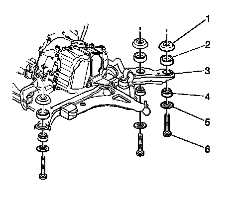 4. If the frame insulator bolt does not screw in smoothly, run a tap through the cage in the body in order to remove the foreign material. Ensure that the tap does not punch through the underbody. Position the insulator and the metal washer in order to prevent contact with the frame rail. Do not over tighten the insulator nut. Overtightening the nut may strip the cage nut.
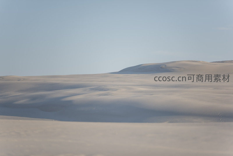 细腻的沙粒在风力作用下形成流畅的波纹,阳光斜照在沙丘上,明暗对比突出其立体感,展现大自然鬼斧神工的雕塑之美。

◆ ◆ ◆ ◆

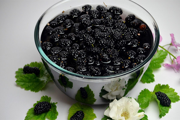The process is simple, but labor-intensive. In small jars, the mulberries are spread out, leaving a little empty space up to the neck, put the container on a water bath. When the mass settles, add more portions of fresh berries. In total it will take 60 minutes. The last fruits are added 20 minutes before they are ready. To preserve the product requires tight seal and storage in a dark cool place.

◆ ◆ ◆ ◆

◆ PROBLEM TO WORK ON ◆
All that should appear in the answer is the lines above from the line with "4. If the frame" through the line with "细腻的沙粒在风力作用下形成流", retyped exactly, pictures left out.

◆ SOLUTION FOR THIS EXERCISE ◆
 4. If the frame insulator bolt does not screw in smoothly, run a tap through the cage in the body in order to remove the foreign material. Ensure that the tap does not punch through the underbody. Position the insulator and the metal washer in order to prevent contact with the frame rail. Do not over tighten the insulator nut. Overtightening the nut may strip the cage nut.
 细腻的沙粒在风力作用下形成流畅的波纹,阳光斜照在沙丘上,明暗对比突出其立体感,展现大自然鬼斧神工的雕塑之美。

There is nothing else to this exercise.